It may seem something of an understatement, but Phil Mayo, director of sales for Altium UK, believes: “The PCB is important.” And perhaps that’s one reason why the workshop and conference sessions addressing PCB design at last year’s Electronics Design Show (EDS) attracted record numbers of engineers.

In his workshop presentation, Mayo noted: “For decades, the humble PCB has been the cornerstone of all electronic products. Today, perceptions of the PCB range from a simple interconnect medium to a fundamental component of a complex electronic system. Regardless of the perception, the reality is that modern product design is now more than ever reliant on the PCB and its associated electronic technology.”

Despite this latter contention, Mayo believes the view held by some managers in UK electronics companies is sometimes less realistic. “They may believe that all you need to design a PCB is a schematic. But when you’re designing a PCB, there’s a range of constraints and designers need to consider things ranging from legislation, the supply chain and approvals, as well as the basic consideration of can someone actually make the board?”

Mayo sees a transition to more complexity; from the ‘simple’ task of PCB design towards the need to take account of such factors as manufacturing, enterprise requirements and legislation (see fig 1). “And that’s where designers start looking for things like simulation and magic wands. But they still need to know about component placement; especially with devices like DDR memory. It’s knowing about interconnect; it’s about what I call ‘proper engineering’. While these are things that aren’t taught, they are also difficult to learn ‘on the job’.”

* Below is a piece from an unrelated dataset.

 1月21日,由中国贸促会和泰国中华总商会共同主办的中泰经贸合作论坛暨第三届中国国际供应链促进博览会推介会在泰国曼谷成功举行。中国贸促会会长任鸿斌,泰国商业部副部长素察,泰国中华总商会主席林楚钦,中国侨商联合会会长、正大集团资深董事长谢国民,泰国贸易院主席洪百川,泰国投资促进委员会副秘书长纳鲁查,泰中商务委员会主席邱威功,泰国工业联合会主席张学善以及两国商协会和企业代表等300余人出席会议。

PCB design is seeing complexity grow as factors such as manufacturing enterprise requirements and legislation become relevant

An EDS conference session presented by Abaco Systems – which develops rugged embedded computing solutions – explored the same themes. Ian McCormick, design services manager, noted: “A PCB is a complex 3D puzzle with several conflicting requirements, including: component density; a restricted number of layers; signal integrity; controlled impedance; and thermal and mechanical constraints. It’s a jigsaw puzzle without a picture and only the shapes for clues. Engineers need to place components for efficient routing while satisfying mechanical, thermal and signal integrity requirements. But only one solution will satisfy all.”

Mayo agrees: “While the skills needed include knowing about placement, PCB design is also about considering many other factors. It’s not something you can teach; it has to be experienced and there is no single point of reference which can tell you what you should do.”

McCormick told the conference session: “You need a knowledge of electronics, but you also need to be artistic, creative, logical and good at problem solving.”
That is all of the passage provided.